Pertandingan grand final antara IdiocyFTW melawan TGG berlangsung sengit, setiap tim menunjukkan kualitas terbaiknya sebagai Adventurers dan kelasnya masing-masing di DragonNest. TGG unggul dalam Wipeout Mode (one on one) sedangkan IdiocyFTW unggul pada Rounds Mode (team vs. team).

Kejar mengejar poin tidak dapat terelakkan hingga masing-masing tim mengantongi 2 poin dan panitia harus menyelenggarakan babak sudden death untuk menentukan pemenang dari DWC 2014 ini yang mana babak itu berlangsung dengan sistem Wipeout, permainan yang merupakan keunggulan dari TGG, Taipei dan merupakan kelemahan dari IdiocyFTW.

Harapan pasti ada untuk kemenangam IdiocyFTW, namun apalah artinya harapan apabila kenyataan berkata lain. Seperti yang sudah-sudah, Wipeout Mode tetap didominasi oleh TGG walaupun sorakan dukungan penonton lebih banyak diberikan kepada IdiocyFTW selaku tim tuan rumah.

Grand final DWC 2014 berakhir dengan TGG, Taipei sebagai juara dan mereka berhak atas hadiah utama USD 30.000 sementara IdiocyFTW harus puas sebagai juara 2 dengan perolehan hadiah USD 15.000 (lumayan itu, banyak banget untuk seusia mereka yang masih berstatus pelajar).

TGG, Taipei, juara DWC 2014
Dari kiri ke kanan:
IdiocyFTW, TGG, Roommate

Usai pertandingan, terlihat Ruth, komentator DWC 2014 yang merupakan juara Gemscool Comentator Contest, datang ke tempat duduk IdiocyFTW di mana ia terlihat terharu dengan kekalahan teman-temannya yang sama-sama tergabung dalam guild Night Fury itu.

Yah, walaupun sangat disayangkan.

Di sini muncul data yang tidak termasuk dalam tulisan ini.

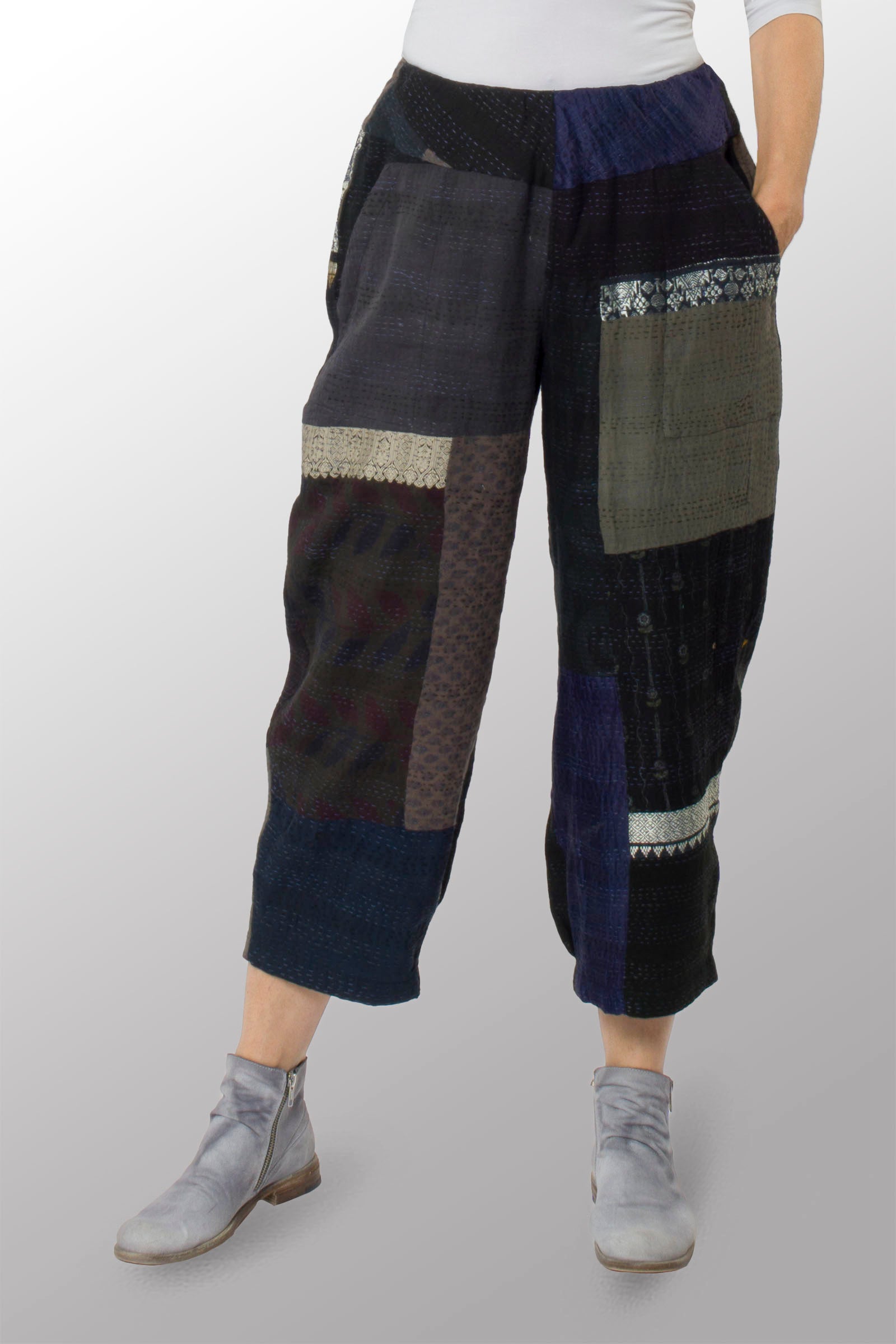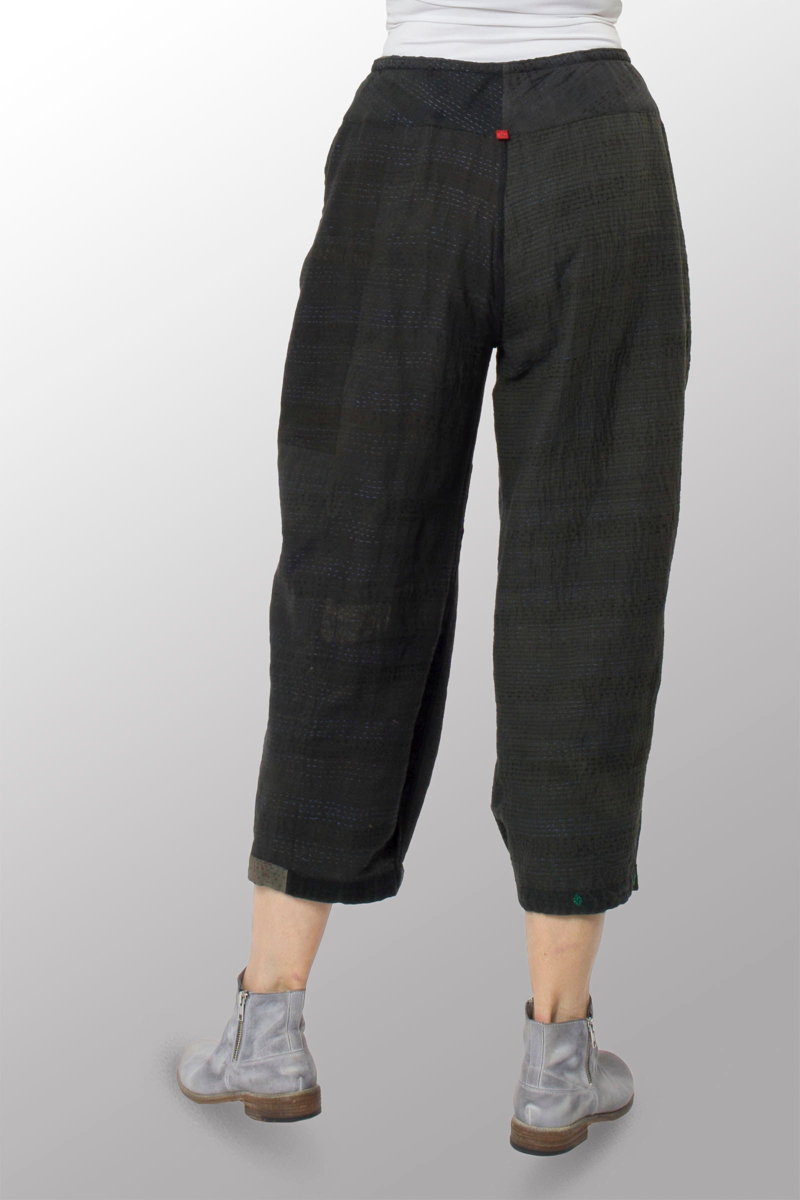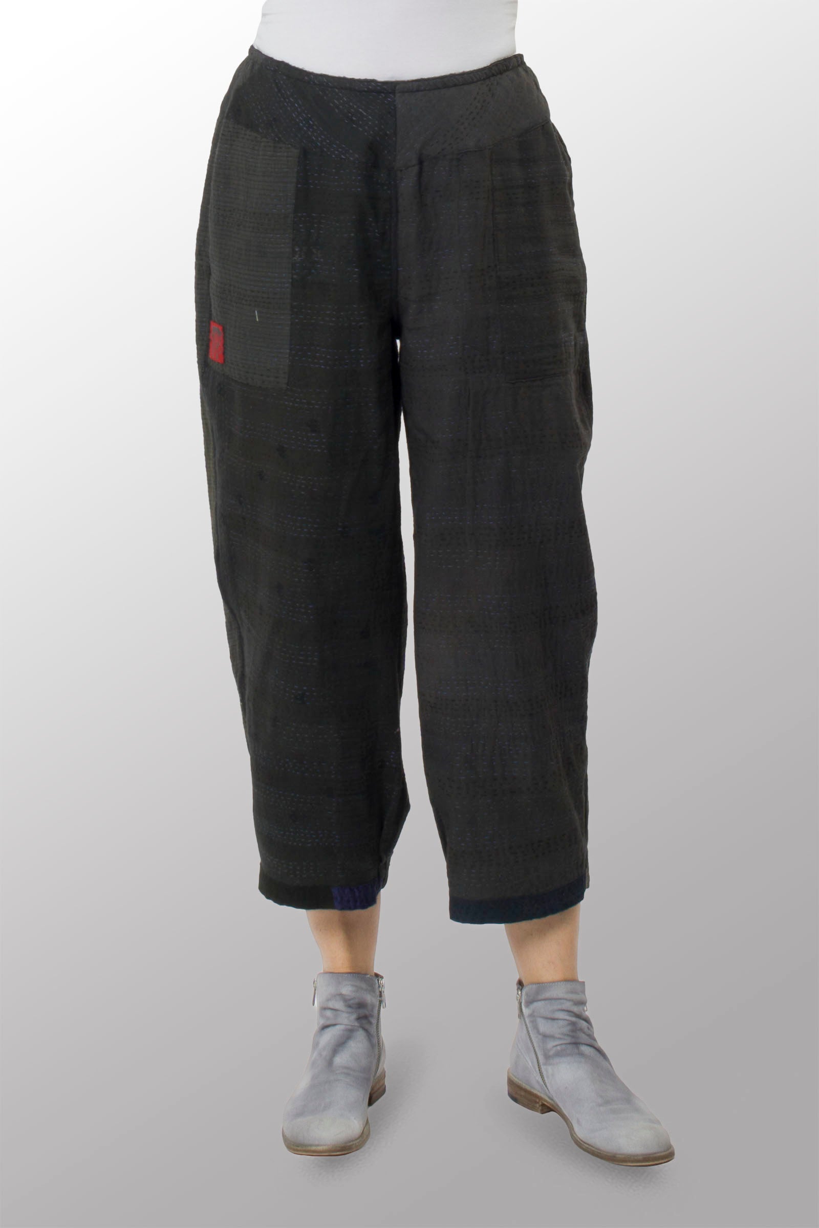 COTTON SILK SW PATCH KANTHA NEW LANTERN PANTS - ws2651-blk -

Tim Indonesia sudah mampu menunjukkan permainan terbaiknya dan bertahan hingga akhir pertandingan dengan menanpilkan pertarungan antar karakter yang sangat menegangkan. Pertandingan berkualitas yang membuat orang yang menyaksikan erbawa emosi, naik dan turun.

Baca juga:

Semoga saja, di tahun berikutnya tim Indonesa mampu menunjukkan prestasi yang semakin baik di kompetisi internasional, khususnya DragonNest World Championship.

Sampai jumpa di event gaming yang tidak kalah seru lainnya.